Суббота, 25 июня 1960 г.

Четыре дня тому назад — 21-го — я заканчивал роман, сто восемьдесят какой-то по счету, который решил написать как роман занимательный. Однако в первый же день, когда я сел за стол и написал страниц девять или десять, я почувствовал, что не сумею дотянуть до конца, что не получится ничего живого.

Я был один — я всегда так пишу — в моем кабинете за закрытыми ставнями. Я походил взад-вперед по комнате; кажется, если бы меня не сдерживало уважение к человеческому труду, я разорвал бы эти страницы и, выждав несколько дней, начал бы новый роман.

Так было со мной уже раза два или три за этот год. На сей раз я даже заплакал от огорчения. Потом без особой веры в успех снова сел за машинку. Сейчас же я считаю, что написал лучший из моих романов о Мегрэ, определенно я смогу сказать это, когда начну его редактировать.

После того как я побывал на Каннском фестивале, мне захотелось написать роман, полный солнца и нежности. Он сложился уже у меня в голове — с готовыми персонажами и атмосферой. Я написал всего три страницы этого романа. Там не участвует Мегрэ, и героям моим за тридцать. И вдруг я понял, что в «Мегрэ и старики», который вроде бы заменил тот заброшенный мною роман, я выразил ту же нежность и так же насытил его солнцем, но только персонажам здесь — от семидесяти двух до восьмидесяти пяти лет...

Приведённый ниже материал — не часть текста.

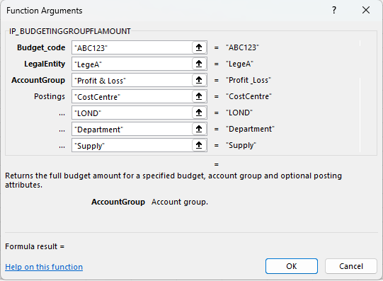 =IP.BUDGETINGGROUPFLAMOUNT("ABC123","LegeA","Profit & Loss","Cost Centre","LOND","Department","Supply")

Ну вот, пожалуйте! Ведь я вовсе не об этом хотел здесь писать. Но начать с чего-то надо. А я вовсе не собираюсь писать мемуары или вести дневник. Может быть, мною просто владеет желание время от времени останавливать бег жизни? Нет, тоже нет.

Думаю, что на самом деле корни этого уходят в далекое прошлое, ко временам моего детства. Уже в семь-восемь лет бумага, карандаш, резинка с неудержимой силой притягивали меня, а писчебумажный магазин манил куда больше, чем любая булочная или кондитерская. Я любил самый запах бумаги. Желтые карандаши с очень жестким грифелем, какими не пользуются в школе, казались мне самыми благородными и изысканными предметами на свете.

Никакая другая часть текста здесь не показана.